# Bones



## Brett (Jul 16, 2008)

Bonefish in the Keys?
Not hard. Incoming tide, shallow water, always did best at sunrise.
Why sunrise? Because later, there are so many skiffs out and about.
All that activity has a tendency to spook the feeders away.

Funny, when I was a kid, bonefish were how fishing guides fulfilled the catch fish "guaranteed"
even on blown out days. Always could get the clients on a bone by just tossing a shrimp
or chunk of conch in the stirred up water on the bar adjacent to the channel.
Easy way to save the day on the way back to the dock after not being able to find anything else
due to the conditions on the reefs. Now bones are considered the primary target.


----------



## pursuit25 (Mar 6, 2009)

Besides the bonefish, you may have a few shots at permit. I would look up on the flat for bonefish, and near the edges for permit.
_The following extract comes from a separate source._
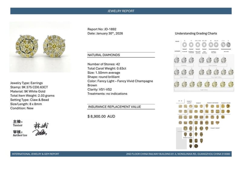 Featuring, 42 Round Brilliant Cut, Fancy Light-Fancy Vivid Champagne Brown Diamonds (0.63Ct Tdw, Vs1-Vs2 Clarity), Claw/Bead Set.

Make sure you have a few crabs with you.


----------



## paint it black (Nov 3, 2007)

In the keys, find shallow water near a channel or deep edge. The fish tend to swim against the tide. They will push up onto an edge of a flat that has a lot of current near a shallow shoal. In the keys I like Sunrise low tides on the early incoming. In Biscayne I prefer summer afternoon's with a good low tide. 

Usually, the water will warm up all day with the hot sun, and then the afternoon showers will roll through. After those showers pass, the water will now have cooled down a bit on the flats and when it starts pushing in, the fish will too. Again, fish around shoals. They won't be SUPER shallow, as they tend to like the area just between the REALLY shallow and slightly deeper. I prefer about 1' to 1.5' depth, adjacent to some 6" areas.


----------